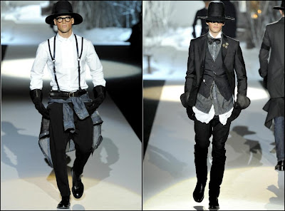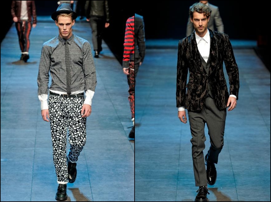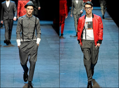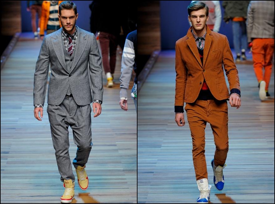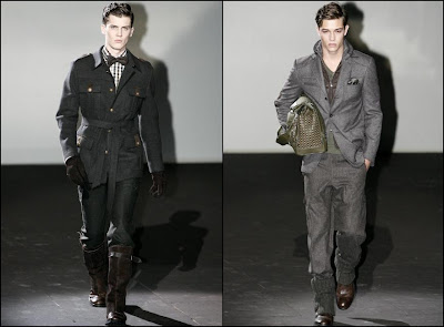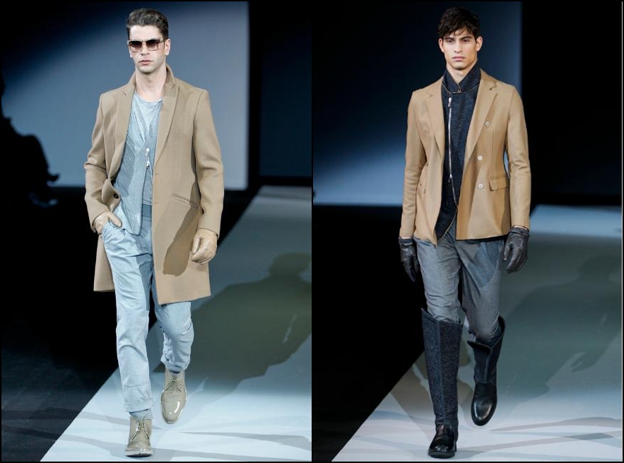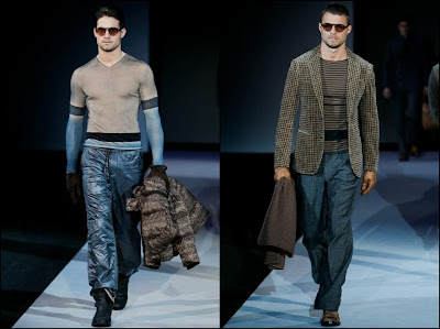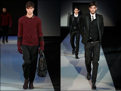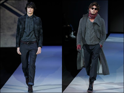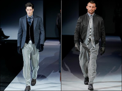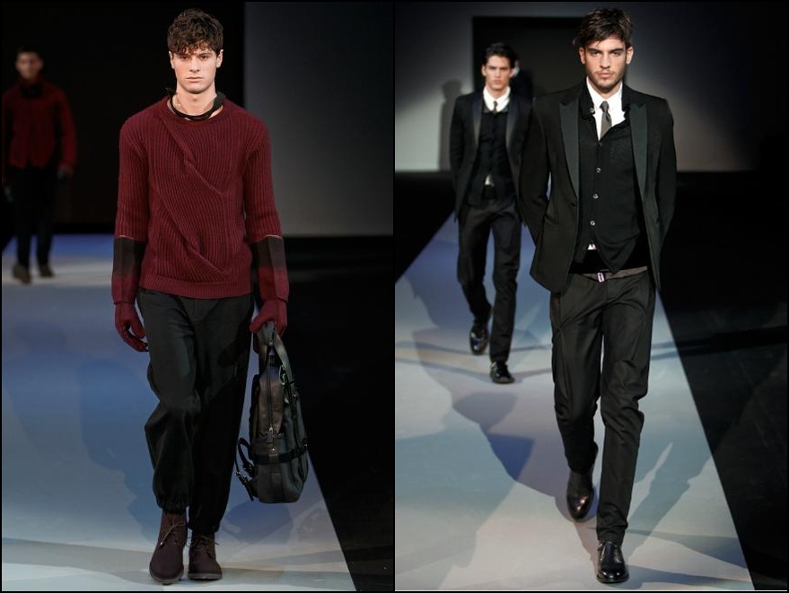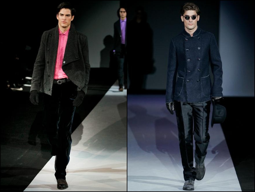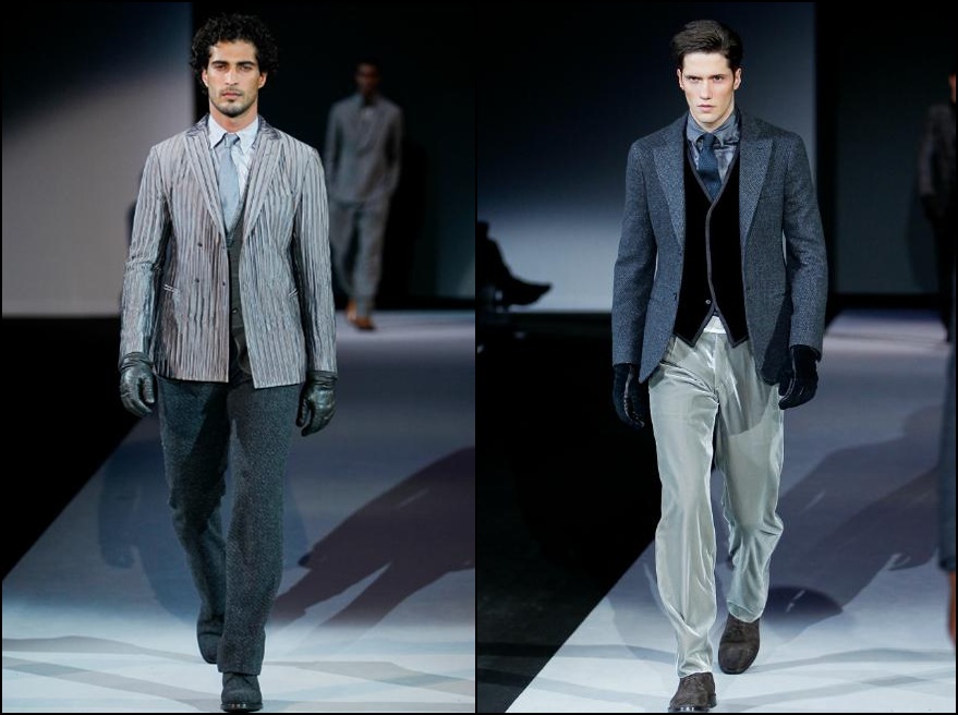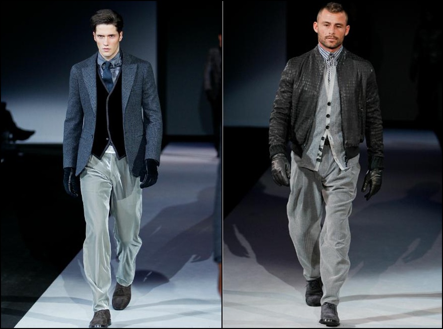 Giorgio Armani – un inovator prin definiţie , domnul Armani demonstrează şi în acest sezon că brandul Giorgio Armani şi-a câştigat clientela şi renumele pe bună dreptate : croieli clare , lejere , inspirate din anii ’40 cu influenţe milităreşti şi dandy. Culorile : gri (diferite nuanţe) , negru , maro , bleu .
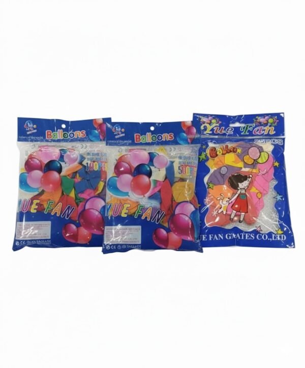 - English: High-quality balloons in vibrant colors, available in three sizes (25, 50, and 100 pieces) to suit all your celebrations. Durable, long-lasting, and perfect for any event.
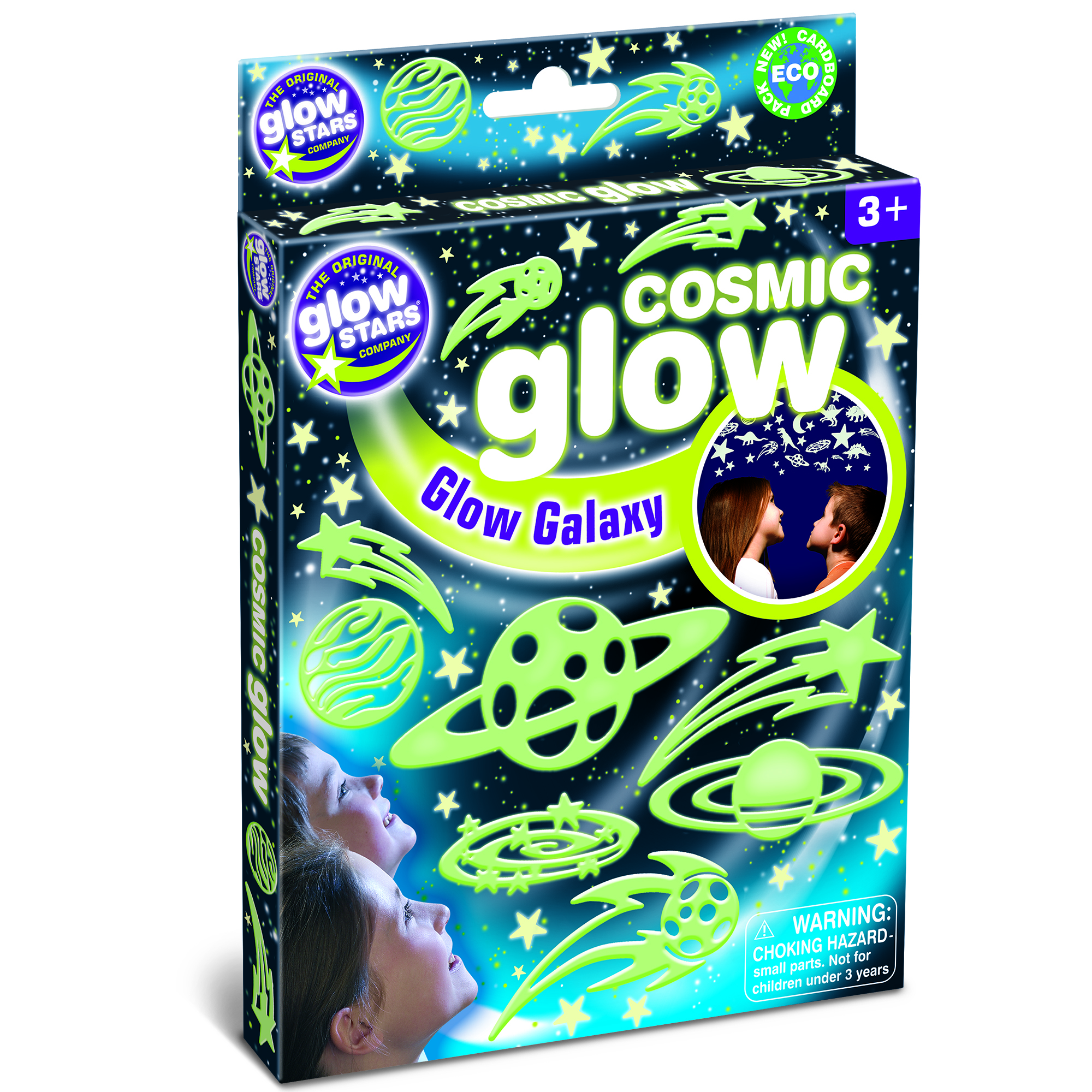 he Original Glowstars Company high-quality, plastic, glow-in-the-dark Galaxy shapes. Create a magical view of outer space on ceilings and walls using the self adhesive pads and at night-time, when the lights go out, they produce a fantastic glowing display. They can also be used to accessorise school books, bags and furniture. A perfect, fun yet educational, gift for kids who are interested in the night sky.

──────

The problem - Copy exactly the lines running from the beginning of the listing through the line that has "- English: High-quality". Drop the pictures.

Problem solution -
 Giorgio Armani – un inovator prin definiţie , domnul Armani demonstrează şi în acest sezon că brandul Giorgio Armani şi-a câştigat clientela şi renumele pe bună dreptate : croieli clare , lejere , inspirate din anii ’40 cu influenţe milităreşti şi dandy. Culorile : gri (diferite nuanţe) , negru , maro , bleu .
 - English: High-quality balloons in vibrant colors, available in three sizes (25, 50, and 100 pieces) to suit all your celebrations. Durable, long-lasting, and perfect for any event.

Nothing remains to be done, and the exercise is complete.